As can be seen from Figure 8c,d, the ettringite crystals are distributed from the inside to the outside in a chaotic manner, and the crystal length is about 10–20 μm. With the increase of erosion age, the amount of erosion products increases as well. It is observed that the ettringite clusters are distributed, and the gypsum crystals appear in the form of slabs, and gathered together to form a radial distribution. The products of chemical attack of sulphate, ettringite, gypsum, etc., are mainly found in the micropores, micro-cracks, interfacial transition zones and structural damage zones of concrete. These areas provide plenty of growth space for ettringite and gypsum, partly due to concrete itself, the initial defect caused, and anotherpart of the new transmission passage formed by the original crack further expanding and connecting. Investigations have shown that halite, thenardite, hexaedrite, and carnaliteare found inside historical sites due to the erosion of soluble salts, which is one of the reasons for the real structural deterioration [44]. Chemical corrosion products (ettringite and gypsum) and physical erosion products (mirabilite and thenardite) fill the internal space of the mortar, which densifies the structure of the concrete, and the macroscopic performance is the improvement of mechanical properties. As the corrosion product increases, the expansion stress generated further increases. When it is larger than the flexural strength of the mortar, the structure is destroyed, and new microcracks are generated, and the macroscopic performance indicates a decrease in mechanical properties. The new crack continues to be filled with corrosive products, so fluctuations in concrete strength occur.

4. Conclusions

In this study, an experimental research on concrete exposed to sulfate solution under different dry–wet ratios was conducted. The mass, dynamic elastic modulus, compressive strength, and splitting tensile strength of concrete were measured, and SEM images of different corrosionages are also recorded.
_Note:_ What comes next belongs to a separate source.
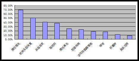 图-1男性参检者前十位疾病和阳性发现
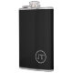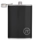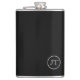 Der in Vinyl umhüllte Kolben wird in einer soliden Farbe schwarz mit Muster-Monogramm-Initialen gezeigt. Passen Sie diese Flasche an und ändern Sie das Beispiel in Ihr eigenes.

The conclusions are summarized as follows:

(1) Under sulfate erosion environments of different dry–wet ratios, the change of mechanical properties of concrete is divided into three periods: ascend period, fluctuate period, and rapid descend period. Under the same dry and wet cycle, as the dry–wet ratio increases, the degree of concrete deterioration increases first and then decreases. When the dry–wet ratio is 5:1, the degree of concrete deterioration is the most serious;

(2) The deterioration of concrete during the drying process is a physical reaction process, and the crystallization pressure caused by crystal crystallization and crystal transformation is an important cause of deterioration. The extension of drying time has a greater impact on the later stage of erosion;

(3) During the sulfate erosion process, the interior of the concrete undergoes aperiodic damage process of “initial damage—filling compaction—cracking—further filling—cracking again”. The concrete is dense to loose, and the concrete performance of RDEM and strength is initially rising, however after the fluctuating period it drops rapidly;

(4) Mass change can better characterize the deterioration of concrete, but the correlation with the change of mechanical properties is weak. The splitting tensile strength is more sensitive than the compressive strength.